* Supplied information:
+++

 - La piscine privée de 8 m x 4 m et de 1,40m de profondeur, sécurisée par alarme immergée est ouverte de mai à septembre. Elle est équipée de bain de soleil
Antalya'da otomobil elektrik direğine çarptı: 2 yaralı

+++

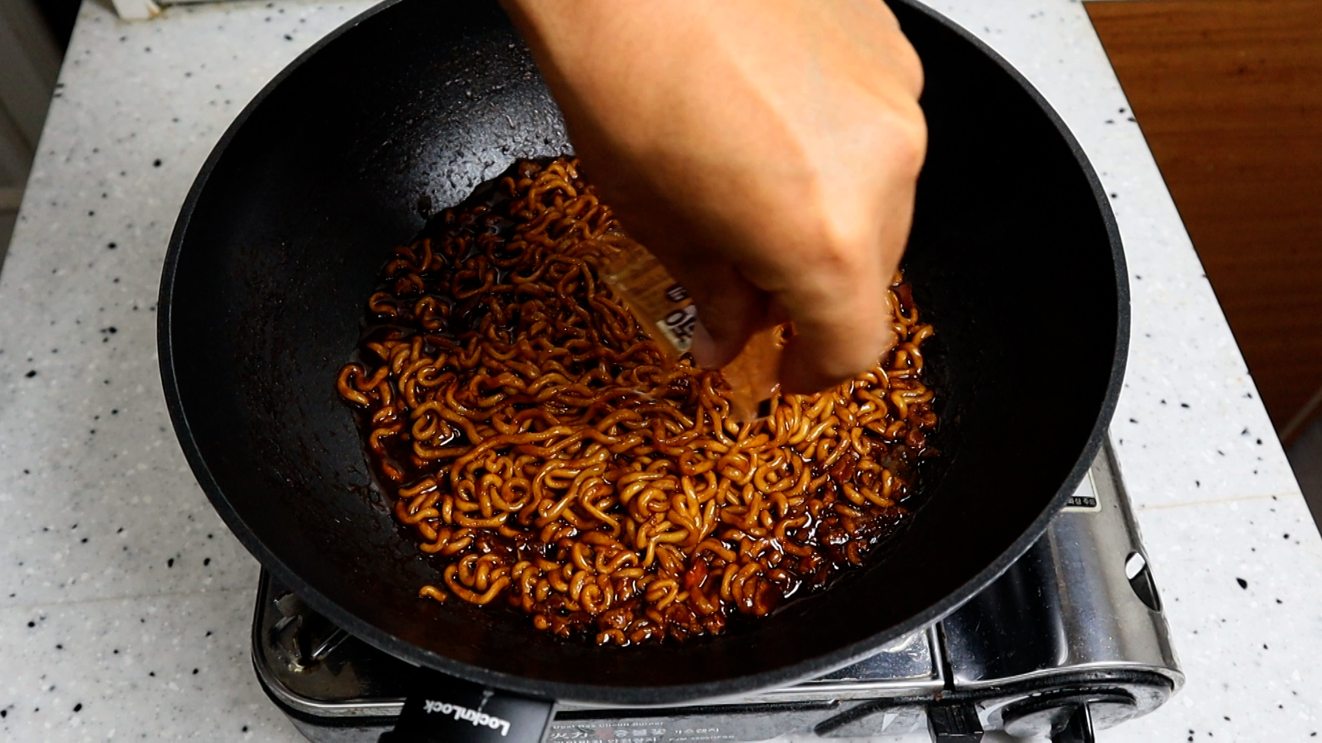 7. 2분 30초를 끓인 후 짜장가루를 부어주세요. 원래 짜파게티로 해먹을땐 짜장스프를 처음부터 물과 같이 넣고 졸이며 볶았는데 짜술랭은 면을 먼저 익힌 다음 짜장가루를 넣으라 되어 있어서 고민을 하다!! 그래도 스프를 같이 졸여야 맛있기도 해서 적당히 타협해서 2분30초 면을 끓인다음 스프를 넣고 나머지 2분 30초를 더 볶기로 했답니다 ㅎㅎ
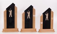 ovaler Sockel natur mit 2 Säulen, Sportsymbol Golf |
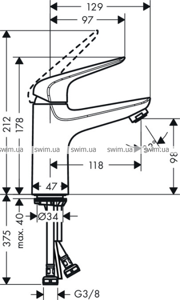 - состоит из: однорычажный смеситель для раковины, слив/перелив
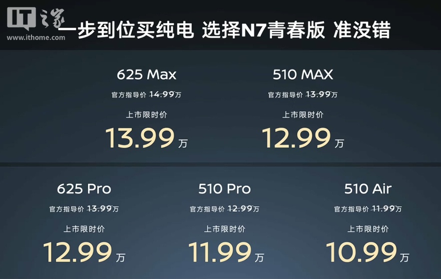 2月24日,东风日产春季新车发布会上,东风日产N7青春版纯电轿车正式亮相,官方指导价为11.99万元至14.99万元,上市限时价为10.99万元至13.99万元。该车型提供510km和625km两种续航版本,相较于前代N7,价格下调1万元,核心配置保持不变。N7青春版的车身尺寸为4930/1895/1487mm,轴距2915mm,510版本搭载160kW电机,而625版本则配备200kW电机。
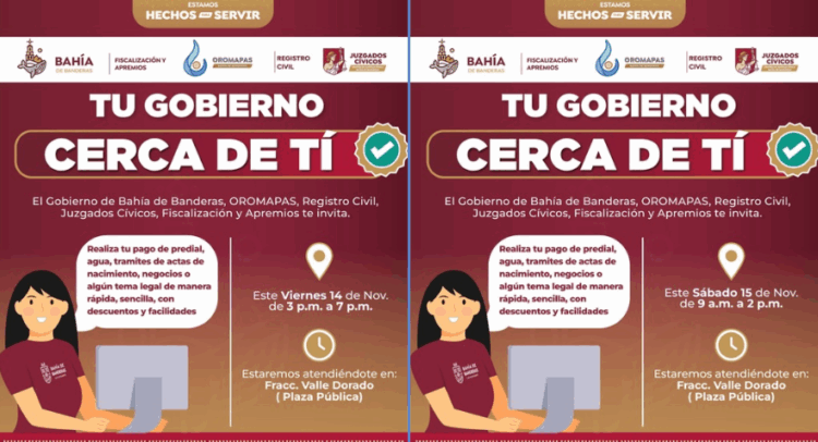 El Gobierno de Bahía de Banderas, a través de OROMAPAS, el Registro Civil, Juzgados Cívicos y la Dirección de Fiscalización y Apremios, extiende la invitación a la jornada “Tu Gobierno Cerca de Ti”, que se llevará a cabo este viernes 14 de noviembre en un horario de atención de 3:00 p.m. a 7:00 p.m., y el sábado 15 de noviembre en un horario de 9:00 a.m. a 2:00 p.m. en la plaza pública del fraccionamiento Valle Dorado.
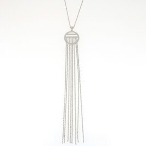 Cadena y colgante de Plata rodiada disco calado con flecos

+++

* Task to carry out: Repeat, exactly as they stand above, the lines from the line with "- La piscine" to the line with "Antalya'da otomobil elektrik", both lines included.

* Written answer:
 - La piscine privée de 8 m x 4 m et de 1,40m de profondeur, sécurisée par alarme immergée est ouverte de mai à septembre. Elle est équipée de bain de soleil
Antalya'da otomobil elektrik direğine çarptı: 2 yaralı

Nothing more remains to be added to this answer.